Justice For Women is a feminist organisation that campaigns and supports women who have fought back against or killed violent male partners, women like Sara Thornton, Kiranjit Ahluwalia, Emma Humphreys, Diana Butler and Rose Swan (see Case Histories).

We campaign for changes in the defences to murder so that they encompass and reflect women's experiences of domestic violence. Currently, the law on homicide is based on men's experience of violence. Justice For Women campaigns for changes in the law, monitors the response of the criminal justice system to male violence and challenges the system's failure to deal effectively and adequately with violent and abusive men.

We also campaign to increase awareness of violence against women by known men and the profound effects this has on women and their children.

Justice For Women is made up of women from all walks of life, legal practitioners, researchers, activists and women working in the field of male violence. Justice For Women began in 1990 and there are groups in West Yorkshire, London and the North East. Over the years we have developed substantial expertise, during this time we have been involved in a number of significant cases resulting in cases at the Court of Appeal that overturned the original murder convictions (Kiranjit Ahluwalia 1992, Emma Humphreys 1995, Sara Thornton 1996, Diana Butler 1999).

Men's violence towards women they know is a very common phenomenon. Widely accepted estimates show that at least one in three women will be subjected to such violence at some time in their lives and one in six women are raped by their partners. It is estimated that only 2% of violent attacks on women are reported to the police, and that male violence again women constitutes one-quarter of all assaults recorded by the police.

Within England and Wales government statistics consistently show that approximately one-half of all women killed are killed by current or ex - male partners. This compares with an average of 9% of all men killed by female partners (Criminal Statistics England and Wales 1996).

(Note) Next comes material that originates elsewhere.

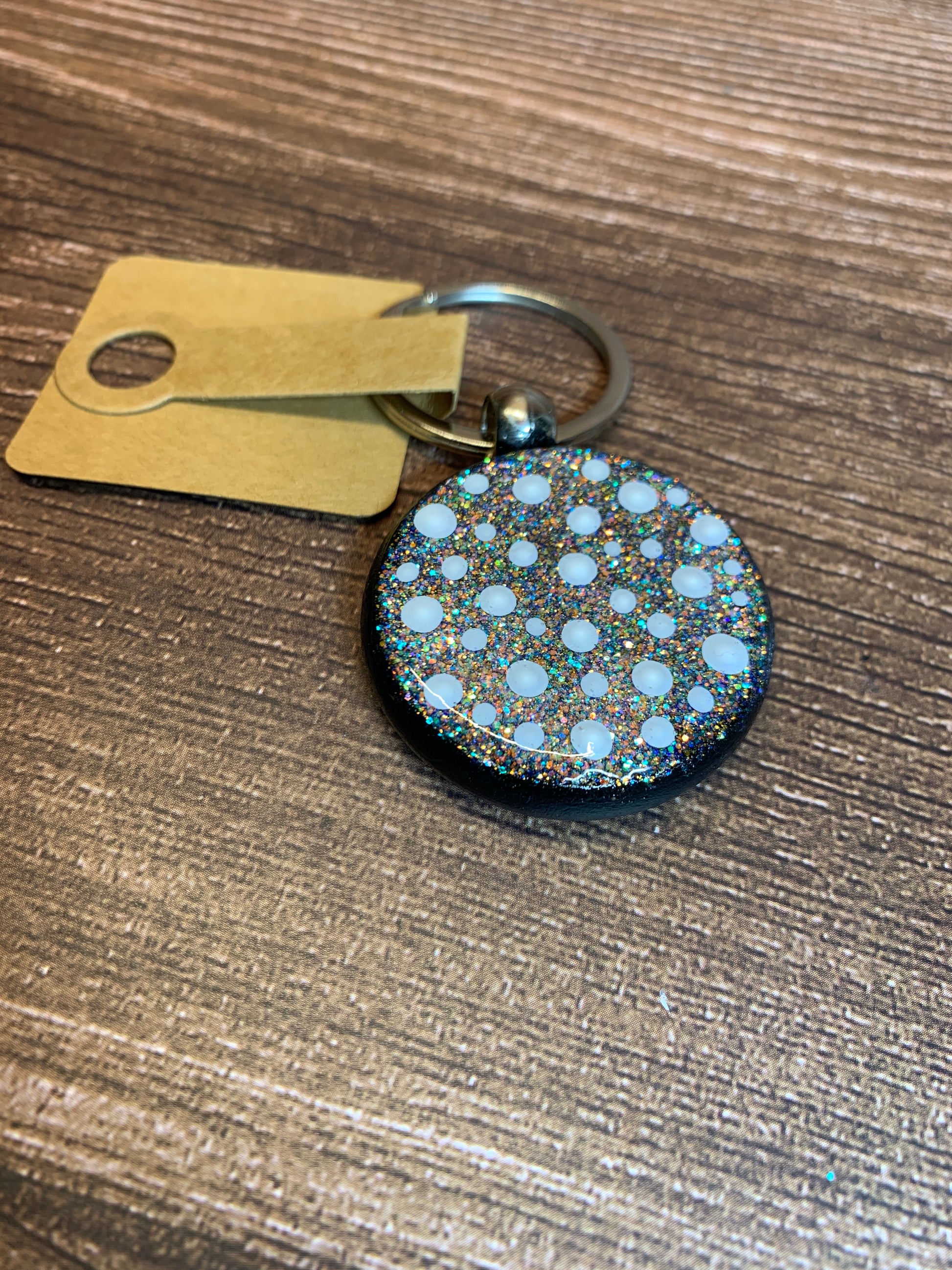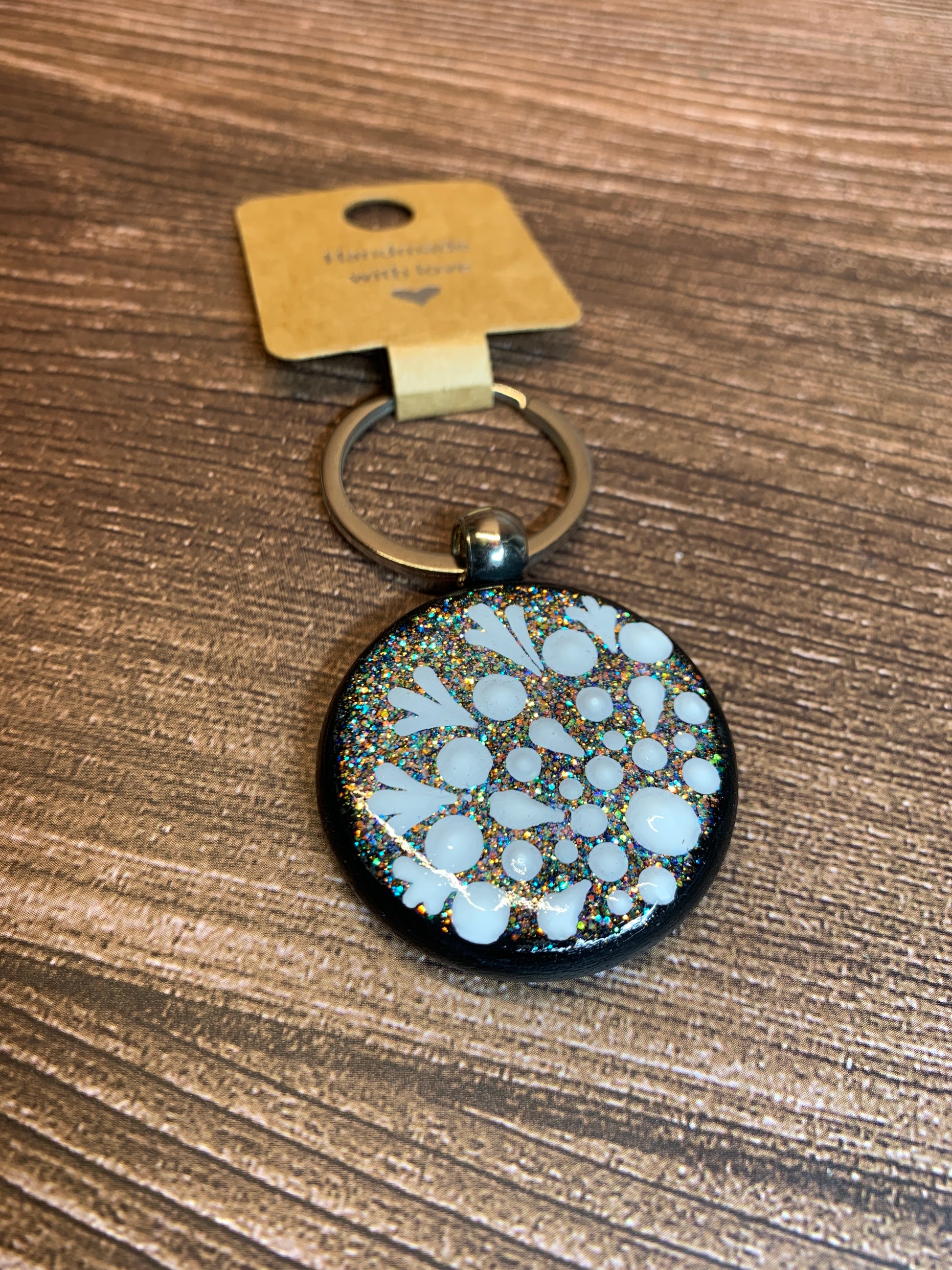 I Painted the design on this keychain using a Glittered Background and White acrylic paint.

Despite the fact that women are much more likely to be killed than to kill, women who kill their violent male partners or ex-partners are further victimised by a legal system that has been constructed, interpreted and implemented to fit men's experiences and men's homicidal responses. For instance, men who kill women often get their murder charges reduced to manslaughter on the pretext that of a woman's alleged infidelity or her 'nagging' tendencies.

Working with the early cases of Sara Thornton, Kiranjit Ahluwalia and Emma Humphreys revealed the gendered limitations of existing legal defences to a charge of murder. Since then Justice For Women has continued to campaign with women who have not had a fair deal from the law and for women's for women's experience to be recognised across the criminal justice system.